415 dated 15.02.2003 who was admittedly not made party before the respondent no 4. (h) In absence of the subsequent purchaser of the property no relief could have been granted to the pre-emptor (who is the petitioner in this case) as no order to recover the property to the pre-emptor could have been passed in absence of the second purchaser of the property namely Raneshwar Nayak. It is not a case of transfer after filing of an application for pre-emption under Section 16 (3) (1) of the aforesaid act so as to apply the principles of lis pendens but it is a case where second transfer was affected prior to filing of the application for pre-emption by the writ petitioner.
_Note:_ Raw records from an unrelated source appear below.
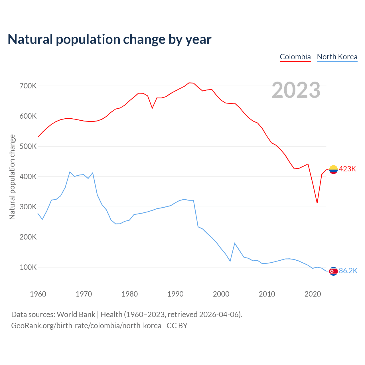 According to the latest available data on birth rates, the fertility rate in Colombia was 1.65 children per woman in 2023, compared to 1.78 in North Korea in 2023. The replacement level is considered to be 2.1 children per woman.
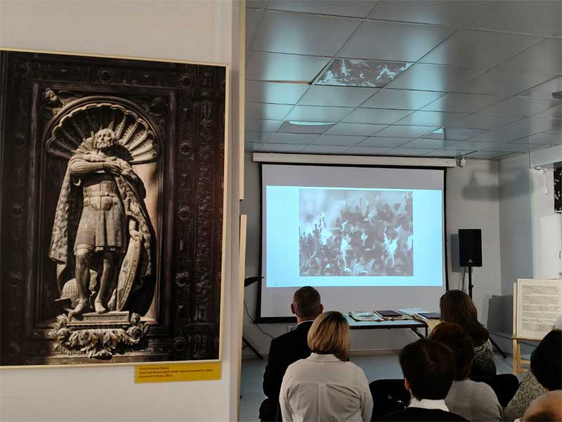 Рассказывая о проекте, она отметила, что в нем сошлось многое: и рассказ о жизни Александра Невского, и искусствоведческий анализ, и прослеживание изменений в его иконографии. Особое внимание она уделила уникальным фотографиям памятников, для создания которых фотографам приходилось использовать высотные конструкции, чтобы запечатлеть детали, невидимые с земли. В завершение Марина Евгеньевна передала книги, изданные Государственным музеем «Исаакиевский собор», в библиотеку Городского историко-краеведческого музея г. Полярного и отметила его активную работу с жителями города.
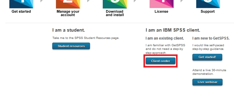El cliente registra el contacto principal en el sitio de IBM. (Puedes aquí descargar spss siguiendo las instrucciones: https://descargarspss.net)
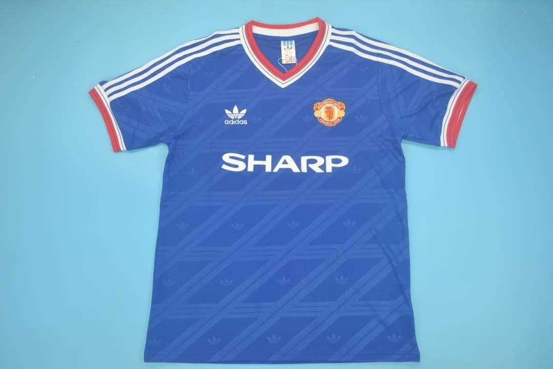 Get your hands on the iconic Manchester United 1986-88, Blue Away retro football shirt today. Official remake with high-quality finish – perfect for any collection. Order now from Legends Gallery. Retro football kits with worldwide shipping available.
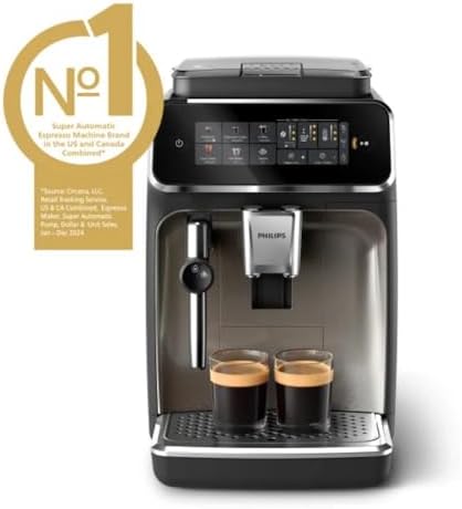 3300 Series Fully Automatic Espresso Machine - 5 Hot & Iced drinks, 40% Quieter SilentBrew, Ceramic Grinder, Aquaclean Filter, Black Chrome (EP3326/90)
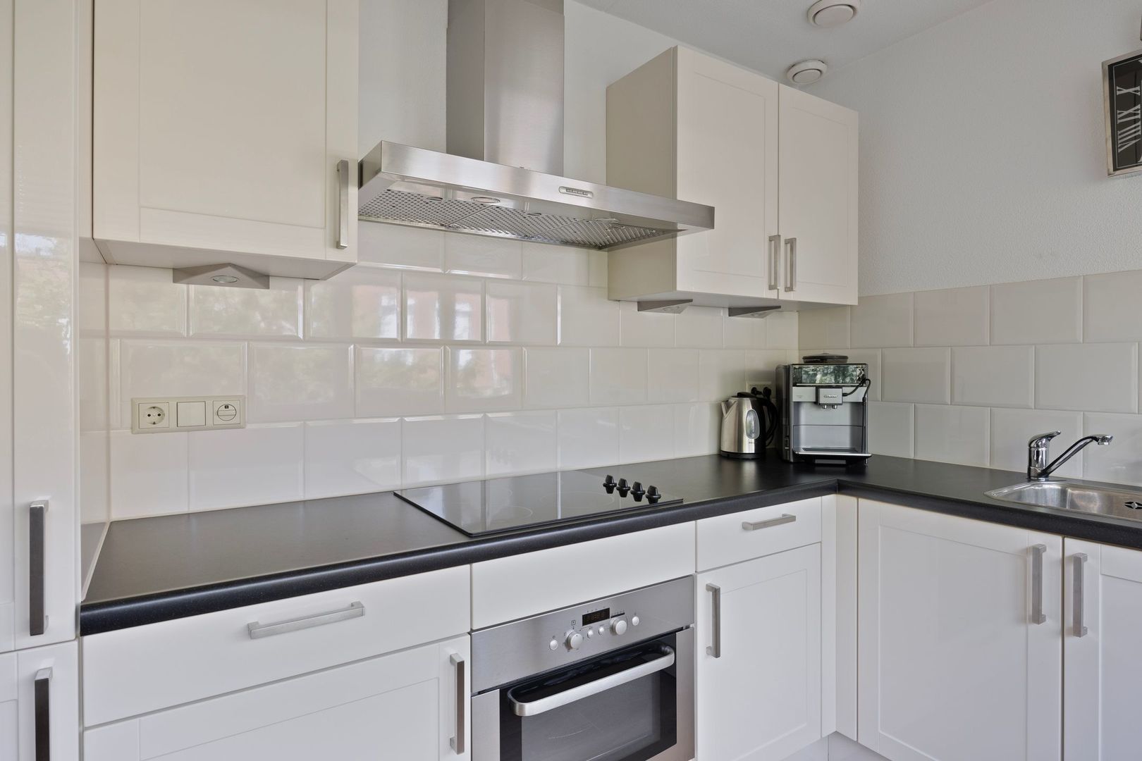 De moderne open keuken in L-opstelling is voorzien van een keramische kookplaat, afzuigkap, combimagnetron, vaatwasser en een koel-vriescombinatie.
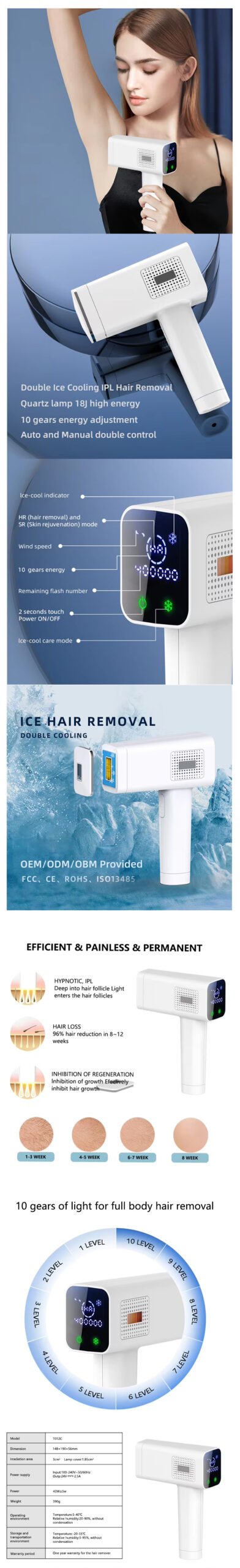 ICE cooling IPL system, Advanced IPL technology, Hair growth reduction, Smooth hair-free skin, Home use design, 400,000 flashes lifespan, Quartz lamp tube, Long-term use, 10 adjustable power levels, 10 gear intensity, Smart energy control, Skin tone adaptability, Ergonomic handle design, Comfortable grip, Body curve fitting, Auto mode operation, Manual mode operation, Face & bikini auto mode, Underarm auto mode, Full body manual mode, Low pain experience, Skin cooling protection, Gentle treatment, Safe energy output
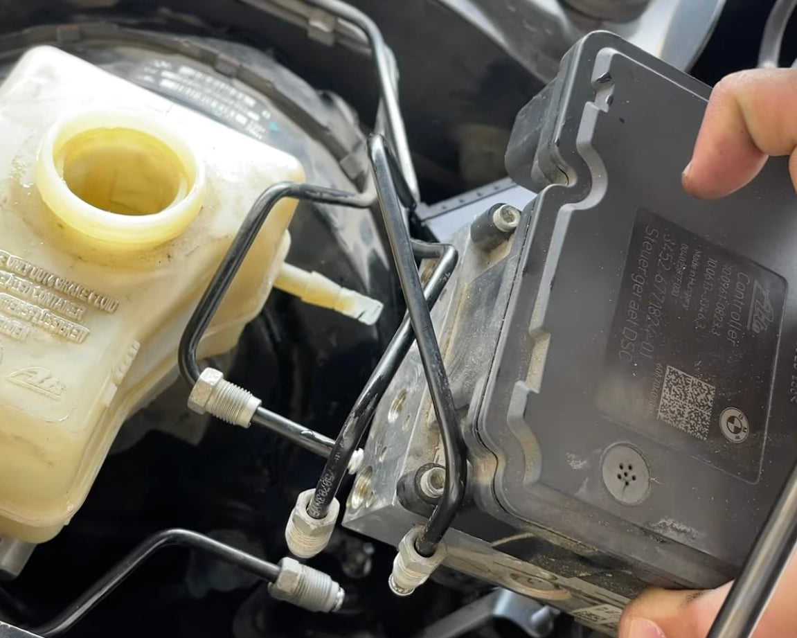 Remove the DSC module from the engine bay ensuring not to damage any of the brake lines.

The judgments relied upon by the counsel for respondent no 18 and 19 as reported in 1985 PLJR 397 as well as 1977 PLJR 371 supports the case of the respondent no. 18 and 19 that in absence of the second purchaser of the property who had purchased the property prior to filing of the application for pre-emption under Section 16 (3) (1) of the aforesaid act no relief could have been granted to the pre-emptor and accordingly the petition under Section 16 (3) (1) of the said Act as filed by the petitioner was itself was not maintainable. 10. Considering the facts and circumstances of this case, I find no merit in this writ petition. Accordingly, the writ petition is dismissed.